Nato air strikes rock Tripoli
Powerful explosions rocked Tripoli yesterday as Nato unleashed its heaviest blitz yet of the capital, while France and Britain piled pressure on Muammar Gaddafi by bringing helicopters into the Libya fray.
Top United States official Jeffrey Feltman said meanwhile that Libya's rebels are to open a representative office in the US and that Washington sees them as "credible and legitimate representatives of the Libyan people."
Libyan government spokesman Mussa Ibrahim told reporters that at least three people died and 150 were wounded in the air strikes, which he said targeted a deserted military barracks but which instead hit civilians living nearby.
An AFP journalist said the raids lasting more than half an hour began at around 1:00am when powerful blasts were heard in the sector around Gaddafi's Bab al-Aziziya residence.
More than 15 strong blasts were heard in the neighbourhood, with the sound of warplanes roaring overhead.
Nato rejected the claim that the strikes had targeted a barracks and said in fact a vehicle storage facility had been struck.
In another boost to forces fighting to oust the Libyan strongman, France said it would provide attack helicopters for Nao's air campaign along with Britain, and the EU widened sanctions against Gaddafi's forces.
The helicopters, a weapon that has yet to be used by Nato in Libya, will help the Western alliance strike regime military assets hidden in urban areas while avoiding civilian casualties, French ministers said.
On Monday, Washington urged Gaddafi to leave Libya as Feltman, the US Assistant Secretary of State for Near Eastern Affairs, held talks in the rebel capital Benghazi.
Feltman told a media conference in Benghazi yesterday that the rebels' National Transitional Council had been invited to open an office in Washington.
On the issue of calls for US recognition of the NTC as the "sole legitimate interlocutor" of Libyans, Feltman noted the council was in fact already the only representative of the country in Washington.
Britain, France, Gambia, Italy and Qatar have already recognised the rebel council as their sole interlocutor in Libya.

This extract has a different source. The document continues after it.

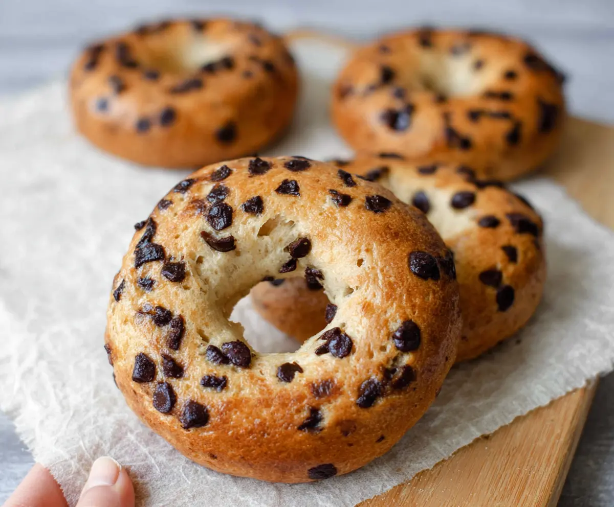 While the bagels are still wet from boiling, sprinkle some extra mini chocolate chips on top. They’ll stick perfectly!

On Monday, the European Union's foreign policy chief, Catherine Ashton, opened an EU office in Benghazi and declared the 27-member bloc's "long-term support" to the rebels.
On the ground, there was little movement in the battle lines.
Rebel military spokesman Ahmed Omar Bani said the frontline between the rebel-held east and the mainly government-held west remained between the strategic crossroads town of Ajdabiya and the oil refinery town of Brega.